Enums are types like C++ enums or unions, in that they are types which can take multiple values. The simplest kind of enum is just like a C++ enum:
enum E1 {
    Var1,
    Var2,
    Var3
}

fn foo() {
    let x: E1 = Var2;
    match x {
        Var2 => println!("var2"),
        _ => {}
    }
}

However, Rust enums are much more powerful than that. Each variant can contain data. Like tuples, these are defined by a list of types. In this case they are more like unions than enums in C++. Rust enums are tagged unions rather untagged (as in C++), that means you can't mistake one variant of an enum for another at runtime. An example:
enum Expr {
    Add(int, int),
    Or(bool, bool),
    Lit(int)
}

fn foo() {
    let x = Or(true, false);   // x has type Expr
}

Many simple cases of object-oriented polymorphism are better handled in Rust using enums.

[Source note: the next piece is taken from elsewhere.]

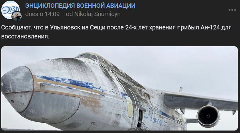 Uvádza sa, že do Uljanovska (Ульяновс) z letiska Sešča (Сеща) po 24 rokoch skladovania pod nebom dorazil Antonov An-124 na obnovu / generálnu opravu.

To use enums we usually use a match expression. Remember that these are similar to C++ switch statements. I'll go into more depth on these and other ways to destructure data next time. Here's an example:
fn bar(e: Expr) {
    match e {
        Add(x, y) => println!("An `Add` variant: {} + {}", x, y),
        Or(..) => println!("An `Or` variant"),
        _ => println!("Something else (in this case, a `Lit`)"),
    }
}

Each arm of the match expression matches a variant of `Expr`. All variants must be covered. The last case (`_`) covers all remaining variants, although in the example there is only `Lit`. Any data in a variant can be bound to a variable. In the `Add` arm we are binding the two ints in an `Add` to `x` and `y`. If we don't care about the data, we can use `..` to match any data, as we do for `Or`.

Option


One particularly common enum in Rust is `Option`. This has two variants - `Some` and `None`. `None` has no data and `Some` has a single field with type `T` (`Option` is a generic enum, which we will cover later, but hopefully the general idea is clear from C++). Options are used to indicate a value might be there or might not. Any place you use a null pointer in C++ to indicate a value which is in some way undefined, uninitialised, or false, you should probably use an Option in Rust. Using Option is safer because you must always check it before use; there is no way to do the equivalent of dereferencing a null pointer. They are also more general, you can use them with values as well as pointers. An example:
use std::rc::Rc;

struct Node {
    parent: Option<Rc<Node>>,
    value: int
}

fn is_root(node: Node) -> bool {
    match node.parent {
        Some(_) => false,
        None => true
    }
}
Here, the parent field could be either a `None` or a `Some` containing an `Rc<Node>`. In the example, we never actually use that payload, but in real life you usually would.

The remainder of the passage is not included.